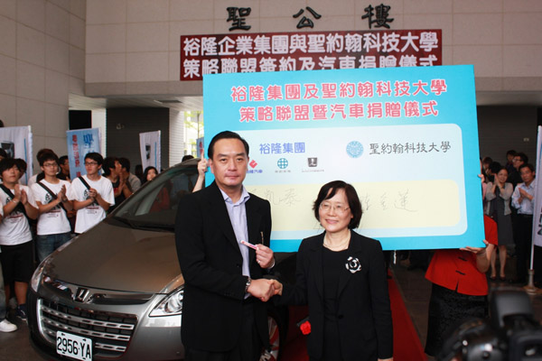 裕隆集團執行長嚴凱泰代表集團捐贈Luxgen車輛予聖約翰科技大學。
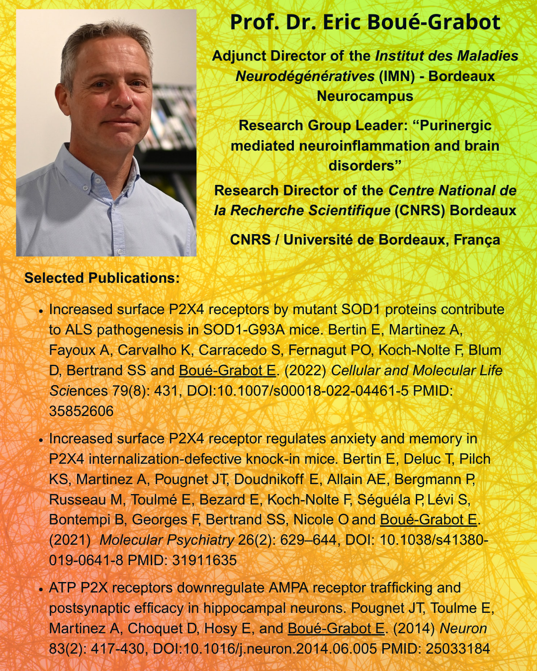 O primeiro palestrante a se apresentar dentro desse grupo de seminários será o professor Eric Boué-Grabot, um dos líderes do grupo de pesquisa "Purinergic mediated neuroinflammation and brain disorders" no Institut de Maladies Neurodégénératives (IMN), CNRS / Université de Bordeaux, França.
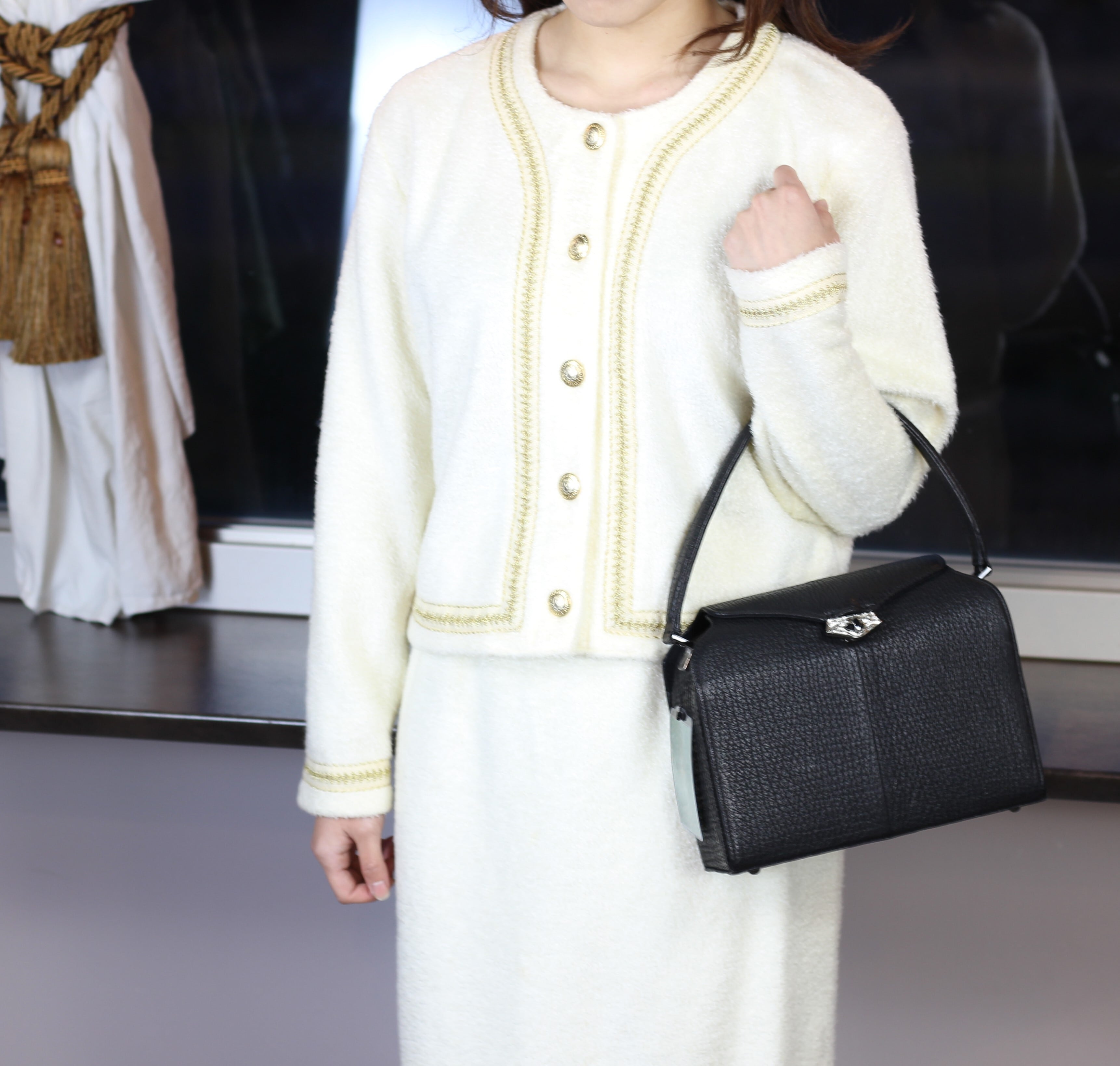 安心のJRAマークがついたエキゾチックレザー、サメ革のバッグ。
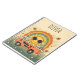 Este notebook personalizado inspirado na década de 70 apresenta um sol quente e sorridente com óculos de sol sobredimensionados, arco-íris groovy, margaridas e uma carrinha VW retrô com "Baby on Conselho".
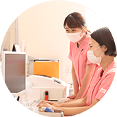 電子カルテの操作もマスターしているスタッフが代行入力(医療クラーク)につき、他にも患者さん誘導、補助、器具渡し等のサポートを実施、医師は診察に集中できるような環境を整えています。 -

▶ [PROMPT]: Return exactly, with no pictures, each line from the one that contains "安心のJRAマークがついたエキゾチックレザー、サメ革のバッグ。" through the end of the entries above, both ends included.

▶ [WRITTEN SOLUTION]:
 安心のJRAマークがついたエキゾチックレザー、サメ革のバッグ。
 Este notebook personalizado inspirado na década de 70 apresenta um sol quente e sorridente com óculos de sol sobredimensionados, arco-íris groovy, margaridas e uma carrinha VW retrô com "Baby on Conselho".
 電子カルテの操作もマスターしているスタッフが代行入力(医療クラーク)につき、他にも患者さん誘導、補助、器具渡し等のサポートを実施、医師は診察に集中できるような環境を整えています。 -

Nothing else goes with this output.